Он подумал, не сказать ли еще, что в этом году, кто знает, у них может родиться ребенок. Лотто готов стать родителем-домоседом. И уж точно, имей он подобающие анатомические данные, прокол с противозачаточным уже бы произошел, и маленький Лотто вовсю колотился бы в животе. Как это несправедливо, что женщинам дано испытать такую первобытную радость, а мужчинам – нет.
– Точно так же мы любили друг друга в день вывоза мусора и в день похода в магазин за продуктами, – сказала она.
– И что изменилось? – спросил он.
– Постарели, – сказала она. – Мы и так упражняемся в этом чаще, чем большинство наших женатых друзей. Два раза в неделю – это неплохо.
– Этого мало, – пробормотал он.
– Слышу-слышу, – сказала она. – Как будто я когда-нибудь отказывала тебе.
Он тяжко вздохнул, собираясь встать.
– Хорошо, – сказала она. – Если ты сейчас ляжешь, я позволю тебе мной заняться. Только не сердись, если засну.
– Черт! Очень заманчиво, – сказал Лотто и снова уселся в темноте со своей бутылкой.
Он вслушивался в дыхание жены, в ее всхрапы и удивлялся, как дошел до такого. Поддатый, одинокий, неудачник. А ведь жизнь сулила ему триумф. Как случилось, что он все растранжирил? Позорище. Тридцать лет, и еще никто. Неудача убивает не торопясь. Как сказала бы Салли, продулся-поистрепался.
[Но, возможно, таким мы любим его больше, униженным.]
В тот вечер он понял свою мать, которая погребла себя, похоронила заживо в пляжном домике. Решила сберечь свое сердце от травм, которыми чревато общение.
Лотто прислушался к тому темному, что билось под изнанкой каждого его помысла с тех пор, как умер отец. Эх, хорошо бы расквитаться со всем. Свалился бы какой фюзеляж с самолета и пришлепнул его к земле. Всего-то щелчок в мозгу – и привет, отключился. Блаженный передых наконец. Аневризмы у них в роду. Гавейна она настигла внезапно, в сорок шесть лет, так рано, а ведь все, чего Лотто хотелось, – это закрыть глаза и увидеть рядом отца, положить голову ему на грудь, вдохнуть его запах, услышать, как тепло стучит сердце. Разве он многого просит? У него был один родитель, который любил его. И Матильда давала вдоволь, но он Матильду замучил. Ее горячая вера остыла. Она отвернулась. Изверилась. Подумать только, он теряет ее, и если это случится, если она уйдет – не обернувшись, кожаный саквояж в руке, – что ему останется? Умереть.

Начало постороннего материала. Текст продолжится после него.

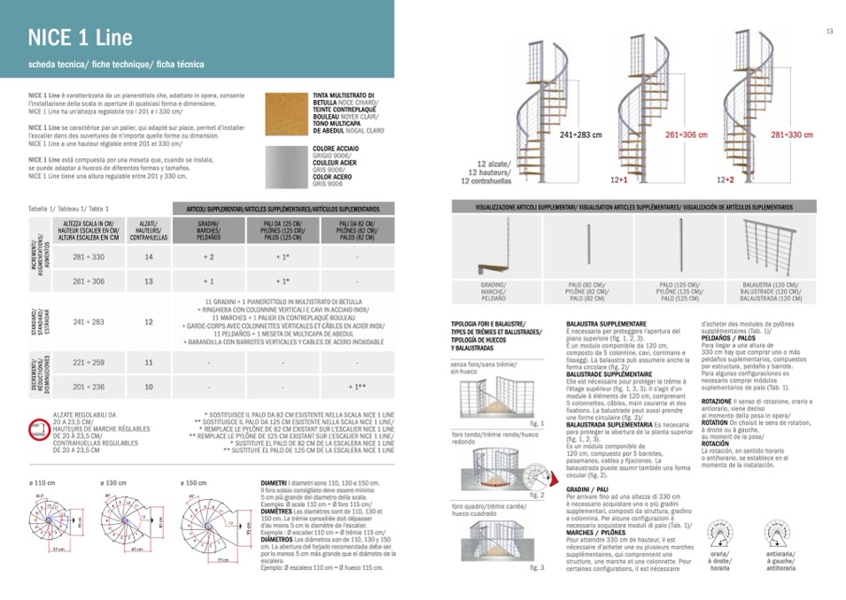 Ejemplo: Ø escalera 110 cm = Ø hueco 115 cm.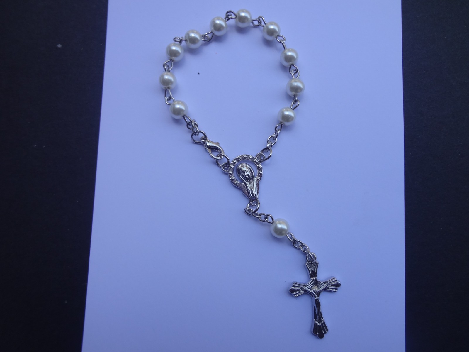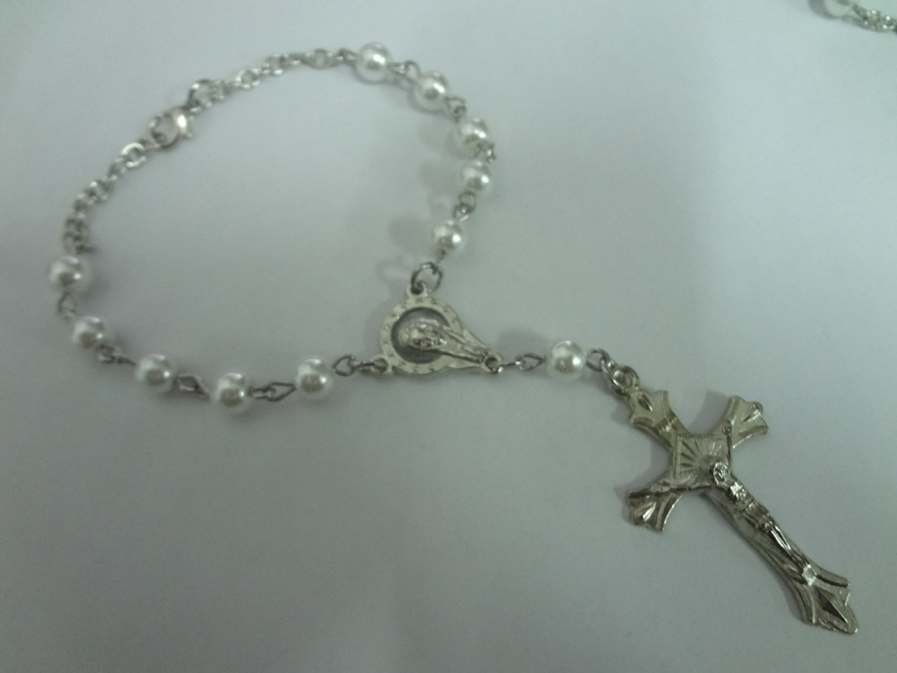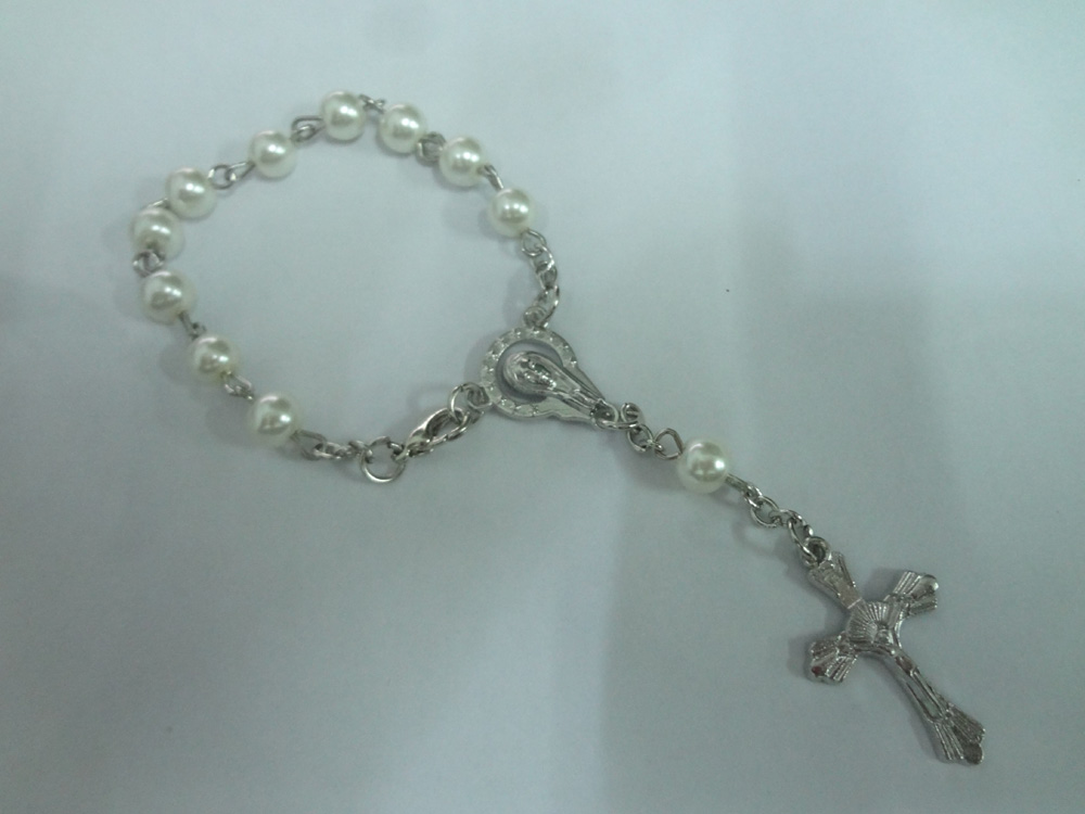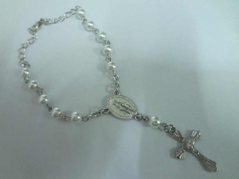 (銀色白K)車掛十字珠念珠洗禮珠十字架手鏈Rosary bracelet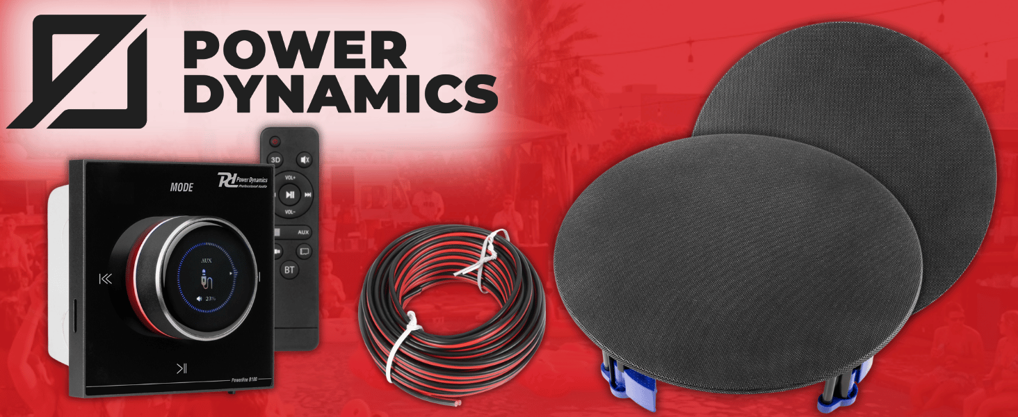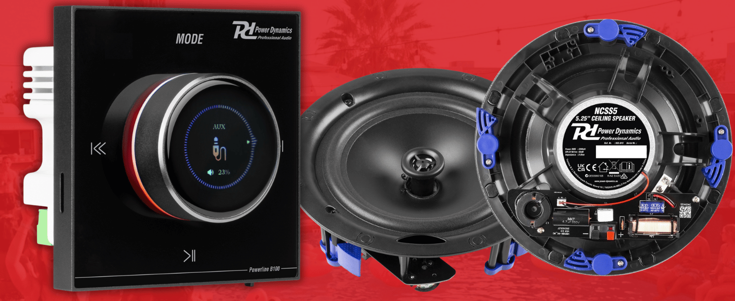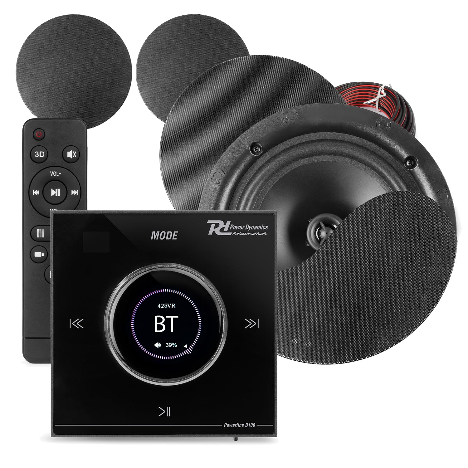 Power Dynamics Powerline B100B Bluetooth Ceiling Speaker System with 4x 5.25 NCSS5B Black Speakers, In-Wall LCD Amplifier, 10m Speaker Cable – Wireless Home Audio Kit for Multiroom & Kitchens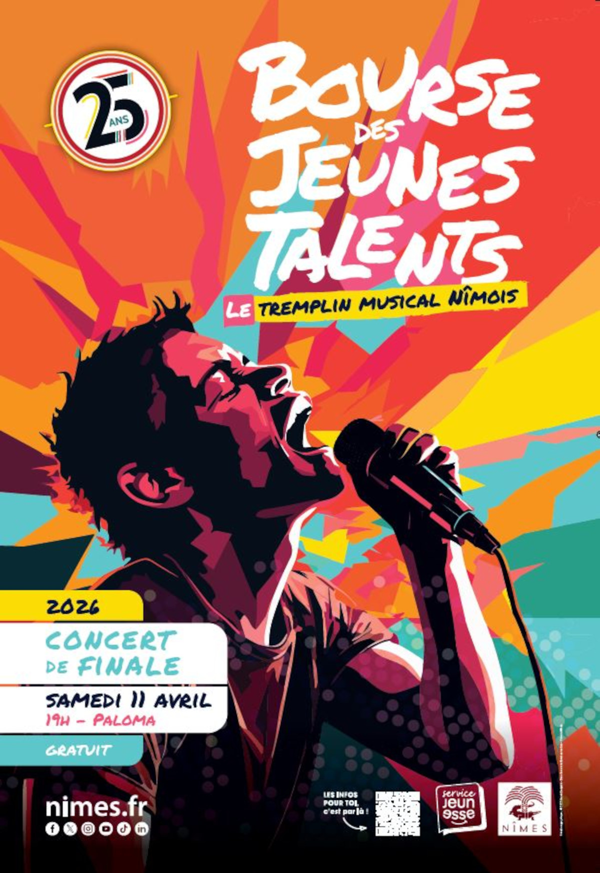 Dispositif phare de soutien à la création musicale, la Bourse des jeunes talents – BJT, accompagne depuis plus de 20 ans les jeunes artistes du territoire. L’édition 2026 organisée par la Ville de Nîmes se déroule à Paloma, scène de musiques actuelles de référence.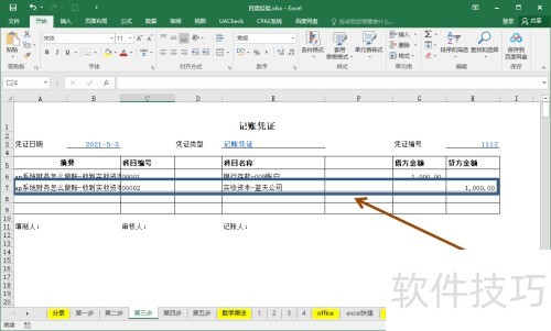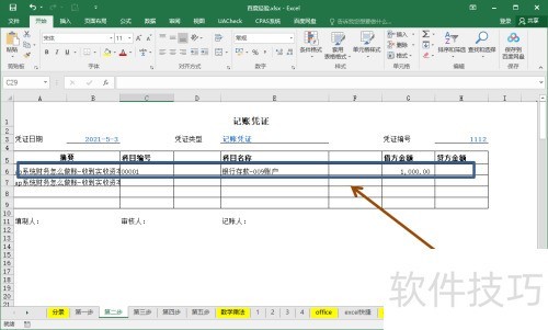 - 填写借贷方后,由编制人签名并提交复核人审核,同时注明凭证日期为2021年5月3日。

Лотто плакал. Он понял это по холодку на щеках. Постарался не всхлипывать, не разбудить Матильду. Ей нужно поспать. Она работает по шестнадцать часов в сутки шесть дней в неделю, кормит их и оплачивает жилье. Он-то сам ничего не принес в их брак, одни лишь разочарования да грязное белье.
Он достал ноутбук, который запихнул под диван, когда Матильда велела ему прибраться перед гостями. Хотел просто войти в интернет, где бродят неприкаянные души этого мира, но зачем-то открыл чистый лист в ворде, закрыл глаза и задумался о том, что утратил.
Он утратил родную землю. Мать. То сияние, которое когда-то умел зажечь в людях, в своей жене. Утратил отца. Гавейна ценили мало, потому что он был тихий и неречистый, но он один понял ценность воды, текущей под заросшей семейной землей, он один стал добывать ее и продавать. Вспомнилась фотография молодой матери, когда она была русалкой, с хвостом, натянутым на ноги, как чулок, колышущимся в холодном ручье. Вспомнилось, как он сам опускал в родник свою детскую ручку, как она промерзала там до кости, до онемения, и как ему нравилась эта боль.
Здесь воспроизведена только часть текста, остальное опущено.